Be mindful of how employees interpret messages from you and what they may infer about your expectations. If you are sending a message at the end of the day on a Friday to clear something off your to-do list, your employees may interpret that as an expectation they respond over the weekend. If you don’t require a response before Monday, make that clear in your message.

Supervisors - Do supervisors and executives have the right to disconnect?

A: Yes, the Disconnecting from Work policy applies to every employee at the University of Guelph.

Supervisors - I supervise an employee who works flex hours/I supervise faculty who do not regularly work within the University’s standard hours. Do I have to be available to respond to that employee outside of my own work hours?

A: The Disconnecting from Work policy applies to every employee at the University of Guelph. You are encouraged to set expectations with those who report to you about when you will be available to them. Speak with your team to reach an understanding of availability. For instance, outside of an emergency, you may not be available before 8 a.m. or after 5 p.m.

The Disconnecting from Work policy is not one-size-fits-all. It is a universal principle that will have individual application.

Supervisors - The nature of our work requires someone from my team to be on call 24/7. How does this policy apply?
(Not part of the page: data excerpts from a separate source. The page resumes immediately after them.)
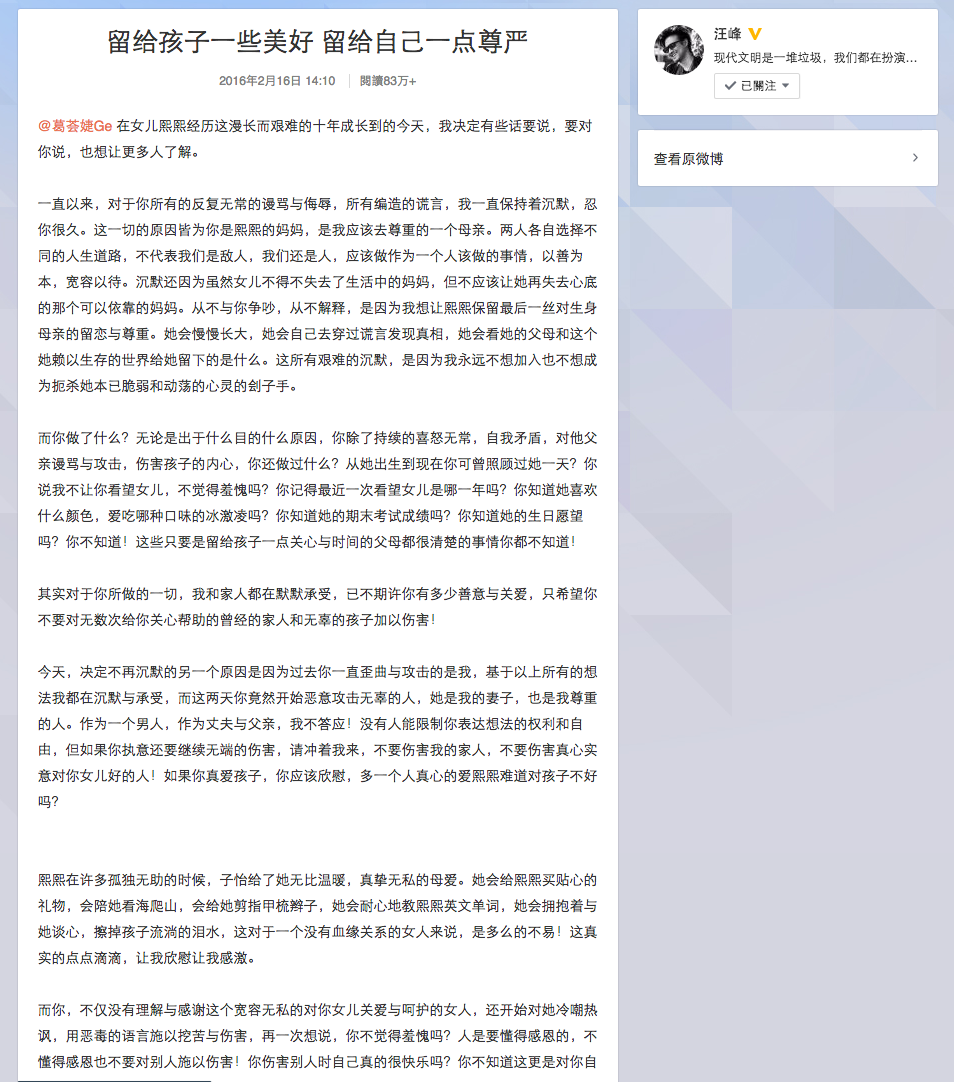 於這篇1300多字的微博中,由汪峰的用字就見得出非常憤怒。汪峰文章開首說出一直以來都不與葛薈婕爭吵,是因為要保留「小蘋果」熙熙對親生母親的尊重和留戀,汪峰又在文中以多句反問句罵葛薈婕根本不了解熙熙,又罵葛薈婕根本不關心女兒的任何事情:「從她出生到現在你可曾照顧過她一天?你說我不讓你看望女兒,不覺得羞愧嗎?你記得最近一次看望女兒是哪一年嗎?你知道她喜歡什麼顏色,愛吃哪種口味的冰淇淋嗎?你知道她的期末考試成績嗎?你知道她的生日願望嗎?你不知道!這些只要是留給孩子一點關心與時間的父母都很清楚的事情你都不知道!」又話自己和家人一直都默默承受傷害,但因為今次攻擊和傷害波及家人,所以才會發聲。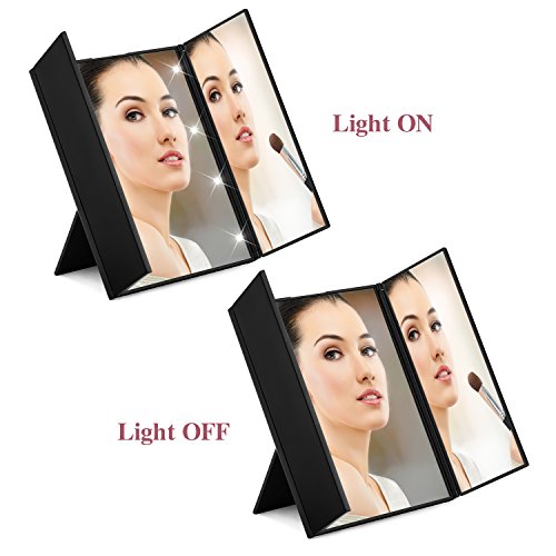 Lighted Vanity Makeup Mirror, Portable Travel Vanity Mirrors with 8 Led Lights, Tri Fold With Adjustable Stand for Women/Men/Girls Cosmetic Makeup (Black)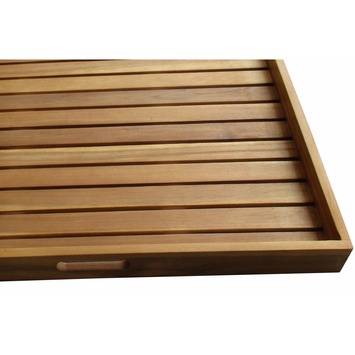 Het dienblad renzo acaciahout teak 70 cm gebruik je gemakkelijk op een grote tuintafel of bij een loungeset. Je kunt dit dienblad natuurlijk decoratief gebruiken, maar het dienblad kan ook erg handig zijn tijdens bijvoorbeeld een barbecue. Het dienblad is gemaakt van acaciahout. Dienblad Renzo acaciahout teak 70 cm is 6,5 centimeter hoog, 70 centimeter breed en 70 centimeter diep.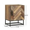 Add a unique touch to your bedroom with this handcrafted boho-style nightstand. Featuring a zig-zag slatted front and a reclaimed wood surface, this piece combines natural textures with an industrial iron frame for durability and charm. The single-door cabinet provides ample storage for your essentials, while the matte black handle and base enhance its modern silhouette. Designed to blend seamlessly into a wide range of interiors, this nightstand is both functional and stylish. Dimensions: 17.50" W x 14.00" D x 22.75" H.
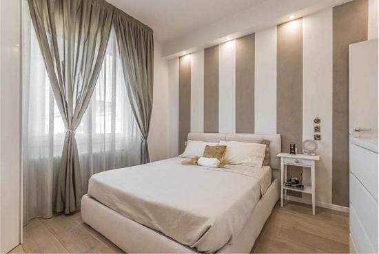 Кстати, их не обязательно делать горизонтальными или вертикальными. При желании их можно расположить хоть по косой – главное, чтобы они вписывались в окружающую обстановку дома. То же касается и подбора цветов. Самое простое решение – сделать полосы двухтонными, но если оно вам кажется скучным, вы всегда можете окрасить их во все цвета радуги либо скомбинировать между собой 3-4-5, а то и более любых оттенков краски.

A: In rare situations, a unit may require coverage 24 hours a day, 7 days a week. In this situation, ensure that no one employee is expected to be on call at all times. Distribute accountability within your team. Make sure your employees clearly understand what qualifies as an emergency and what expectations are whe

The University pays for my smartphone. Am I expected to answer calls on it outside of regular work hours?

A: Speak with your supervisor about expectations for availability outside of work hours.

Under this new policy, is my supervisor allowed to contact me (call, email or text) outside of work hours?

A: The Disconnecting from Work policy is meant to reinforce respectful boundaries for contacting employees outside of working hours.

While employees are permitted to contact each other outside of regular work hours, the policy encourages everyone to be respectful of each other’s time away from work. The policy may be used to set expectations around situations when it is necessary to contact someone outside of work hours (e.g., an emergency) and when that contact can wait.

Instead of sending an email or making a call after hours when you happen to be thinking about a work topic, wait and reach out in the morning. Disconnecting from work is essential to work-life balance and mental health.

What does “disconnecting from work” mean?

A: The term “disconnecting from work” is defined in the Employment Standards Act, 2000 to mean not engaging in work-related communications, including emails, telephone calls, video calls or sending or reviewing other messages, to be free from the performance of work.

What happens if someone continues to expect me to work outside of my regularly scheduled hours?

A: If you find that colleagues or others in the University are preventing you from disconnecting outside of work, report your concerns or issues in writing to your immediate supervisor.

If you are concerned that your supervisor is not following the requirements in the policy, contact your HR consultant or your FASR consultant.